The Manitoba Elections Act was amended Jan. 28, 1916, to allow some women to vote in provincial elections. Nice Women Don't Want the Vote, the name of the Manitoba Museum exhibit, is a quotation attributed to Rodmond Roblin, Manitoba's premier from 1900-15. The museum says he spoke the words during a heated exchange with Nellie McClung.
The museum started collecting artifacts for the exhibit from Manitobans in February.
"Things like what one's grandmother wore when she voted for the first time, or original ballots or letters from that time," Greg Klassen, the museum's communications manager, said in February.
"[It] includes fascinating artifacts that prove that this was a real fight that had been brewing for 25 years, while also revealing the tensions within the movement," says Roland Sawatzky, Curator of History for the exhibit.

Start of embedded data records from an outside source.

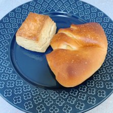 本日のお弁当 ⚫︎こくうの塩パン ⚫︎こくうのショコラデニッシュ ⚫︎パンだけじゃなく物足りなく、麦ご飯のシャケとちりめん山椒のおむすび
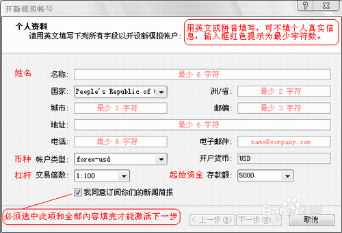 外中各项能够不填确凿的局部消息,填完后,你务必选中“我领受订阅你们的讯息简报”,然后本事点“下一步”按钮不绝举行注册。
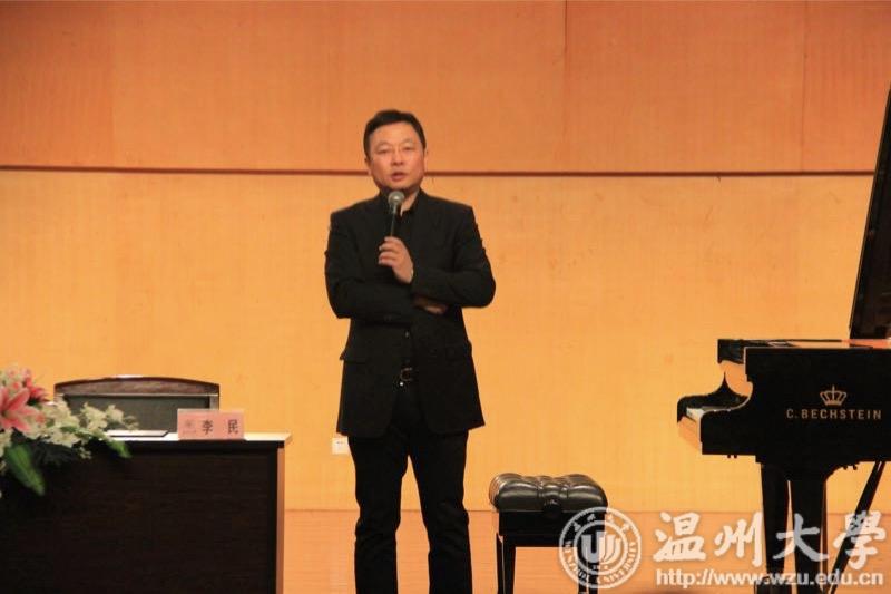 钢琴系创建人及首任系主任。首先,李民教授表达了能够在老王论坛展开这次讲座的喜悦。随后,李民教授便进入讲座主题,提出钢琴教学的总原则:老师教学要教什么?关注学生们做的怎么样?学生学习过程中出现的问题是什么?这些问题的根源是什么?李民教授形象生动地将选择钢琴教材比作看病,幽默诙谐的引出要通过病理和病因选择教材问题观点。紧接着,李民教授通过讨论大众对“慢练”的看法,提出慢练只解决读谱问题及些许小问题,强调需要合理的搭配。李民教授用通俗易懂的讲演风格让小题目体现出了大范围。最后,李民教授将教材进行了分类:第一类为参照考级和入门教学教材,给钢琴教学建立了系统的教程体系,强调要注重学习细节和分类指导。第二类为技术类,李民教授通过对钢琴演奏技法和手指运动集中力的讲述,着重强调了钢琴声音的理念:要注重余音和余韵。随后李民教授诠释了钢琴弹奏技法的核心:紧和松、静和动,分清主要矛盾和次要矛盾。

One of the most unique artifacts on display, according to a news release issued by the museum on Thursday, is an exterior section of a house wall painted by a woman near Portage la Prairie in 1915. She painted "Vote for Women" on the side of her house before her husband arrived home and painted "NO" in front of the words.
The exhibit will be in the museum's discovery room until April 10 and then it will tour the country before it arrives at the Canadian Museum of History in Quebec.